Which is more probable? Is all the jury have to first decide, once they can agree on that, IMO the decision for each charge becomes easier. Yes, there are many possibilities. A masked intruder
could have spiked TPN bags with insulin, babies bleeding
could have been caused by intubation or NG tubes, some of the babies
could have been vulnerable and had other medical problems caused by prematurity, LL
could have been searching up parents randomly because they were on her mind for some reason, she
could have been so unlucky that she was the only staff member present for every single suspicious collapse.
But when considered as a whole, together with everything we know now. Is it probable that a masked intruder poisoned babies with insulin on 2 seperate occasions, that babies who were otherwise doing well collapsed and died/almost died around the time LL was searching up their parents on Facebook and taking home handover notes, all while LL was on shift?

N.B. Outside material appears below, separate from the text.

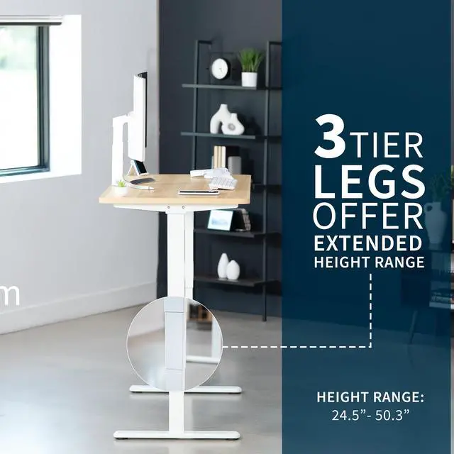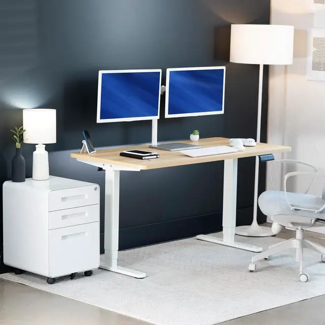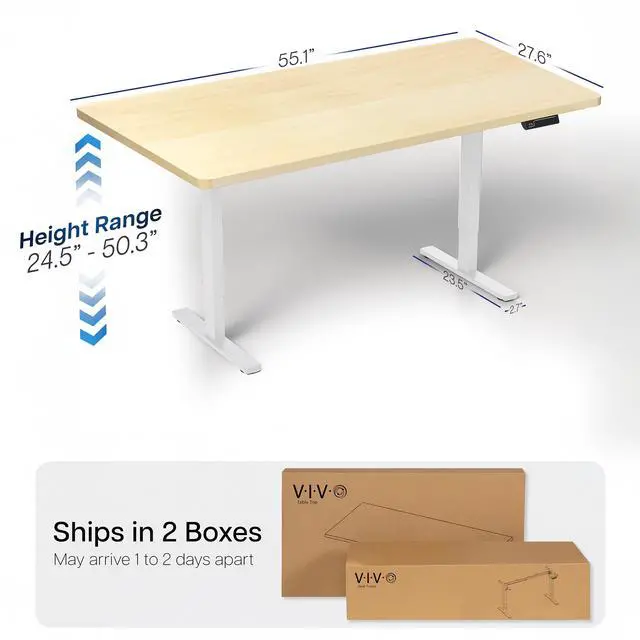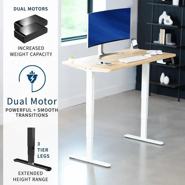 Transform your workstation to accommodate an active work life with the Light Wood /White 55" x 28" Dual Motor Electric Desk (DESK-KIT-2W55C) from VIVO! Finding a healthy balance between sitting and standing throughout the long work day is made possible with electric height adjustment, telescopic legs, and a simple push-button controller featuring 3 memory presets. The spacious table top provides room for dual monitor setups and important supplies so you can organize your workspace to fit your preferred layout. With a frame constructed of solid steel, this desk supports up to 220 lbs and is built to last. All hardware and instructions are provided, so you can get your new workstation assembled and taking you to new heights!
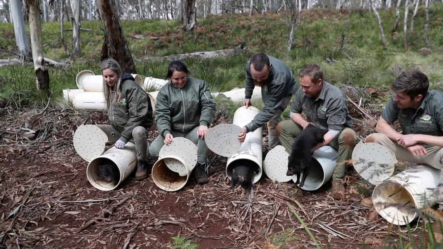 For now, the devils released this year and those expected to be released in coming years won’t go into the wild just yet. Instead they will receive supplementary feedings and be monitored by remote cameras, with some devils tagged with GPS trackers to learn more about how they adjust in their new environment, said Gabriel.

And that’s without even touching on the Air Embolism, the special interest she showed in babies texting about them when she wasn’t even on shift, notes allegedly being falsified, over feeding, twins randomly collapsing within 24 hours of eachother, predicting ‘he’s not leaving here alive is he?’, plus much much more.
Is all of that probable? Or simply possible? Has all of that just happened by chance and somehow randomly linked LL in one way or another to every single baby’s collapse/death? Or is she a serial killer?
All MOO and JMO!
Sorry I went way off on a tangent that wasn’t even part of your question!